11. En conclusion, le recours interjeté par la recourante est rejeté et la décision de l'OAIE du 15 octobre 2013 confirmée. Le Tribunal administratif fédéral rend toutefois l'autorité inférieure attentive aux éléments invoqués par la recourante dans son écriture du 21 février 2014 (pce TAF 9), à laquelle sont annexées trois pièces (certificats médicaux) et dont l'autorité de première instance a eu connaissance le 4 avril 2014 (pce TAF 10, p. 10). Ces faits, survenus postérieurement à la décision querellée et ayant potentiellement modifié la situation de santé et la capacité de travail de l'intéressée, doivent, selon la jurisprudence du Tribunal fédéral en la matière, faire l'objet d'une nouvelle décision administrative (ci-dessus, consid. 7). 12. 12.1 Par décision incidente du 4 avril 2014, la recourante a été mise au bénéfice, pour la présente procédure de recours, de l'assistance judiciaire totale portant sur la dispense des frais de procédure et la désignation d'un avocat d'office (art. 63 al. 1 PA et 65 PA). 12.2 Partant, la prénommée est exemptée du paiement des frais de la présente procédure. 12.3 Maître Guillaume Fauconnet ayant été désigné défenseur d'office, il y a lieu de lui allouer une indemnité afférente aux frais de représentation (art. 65 al. 3 PA et art. 12 et 14 du règlement du 21 février 2008 concernant les frais, dépens et indemnités fixés par le Tribunal administratif fédéral [FITAF ; RS 173.320.2]). Conformément à l'art. 65 al. 4 PA, la recourante aura l'obligation de rembourser ce montant si elle revient à meilleure fortune. A défaut de décompte de prestations, le Tribunal fixe l'indemnité sur la base du dossier (art. 14 al. 2, 2ème phrase FITAF). Compte tenu des circonstances de la présente affaire, de l'ampleur du travail accompli par le mandataire (un recours de quatorze pages et une réplique de deux pages) et de la difficulté de la cause (voir, notamment, l'arrêt du Tribunal administratif fédéral C-5829/2013 du 9 avril 2015 consid. 10), le Tribunal considère le versement d'une indemnité de représentation de 2'160 francs, TVA de 8 % comprise, comme équitable en la présente cause pour les services de son défenseur d'office. Par ces motifs, le Tribunal administratif fédéral prononce :

1. Le recours est rejeté.

2. Il n'est pas perçu de frais de procédure.
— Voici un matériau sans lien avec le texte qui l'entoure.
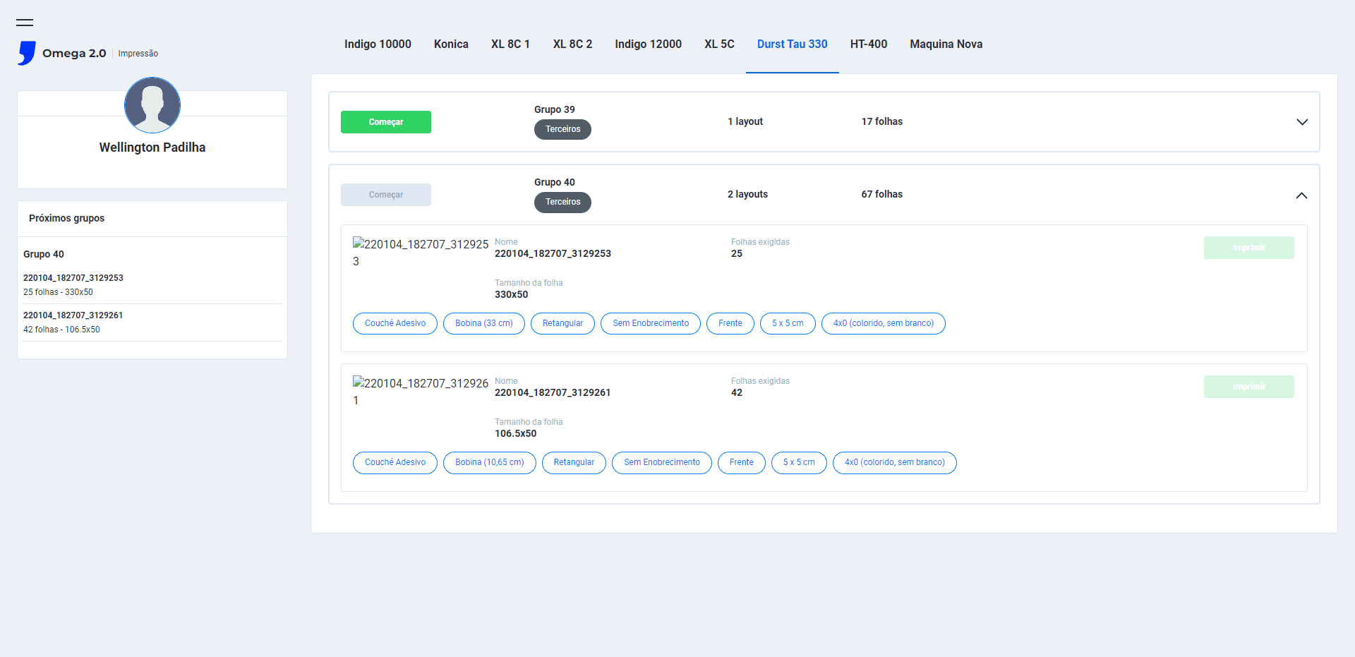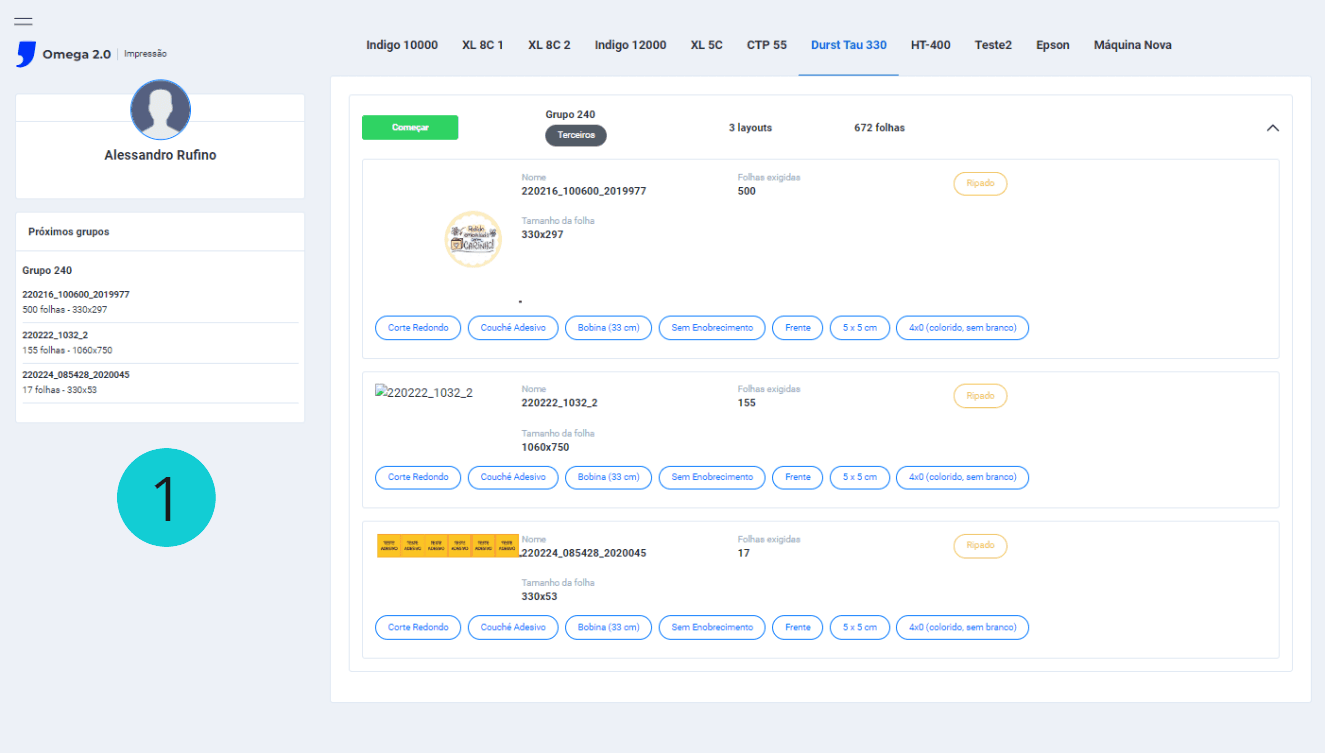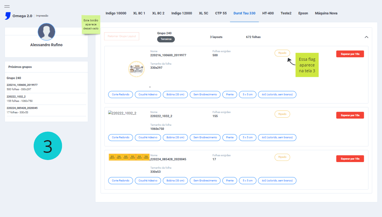 Na tela Impressão > Durst Tau 330 > O botão verde Iniciar do grupo está funcionando, quando clicado os itens do grupo começam uma contagem regressiva (botão vermelho) e se inicia o processo de Ripar e Iniciar a impressão dos itens, os status de cada item do grupo é alterado de waiting_planning para printing;

3. Il est alloué à Maître Guillaume Fauconnet une indemnité de dépens de 2'160 francs (TVA comprise) à titre d'assistance judiciaire, provisoirement à charge de la caisse du Tribunal de céans. Si la recourante revenait à meilleure fortune, elle serait tenue de rembourser au Tribunal de céans les honoraires et les frais d'avocat.

4. Le présent arrêt est adressé :

- à la recourante, par l'entremise de son mandataire (acte judiciaire)

- à l'autorité inférieure (recommandé ; n° de réf. n° {...} ; annexe : copie de la pièce TAF 7)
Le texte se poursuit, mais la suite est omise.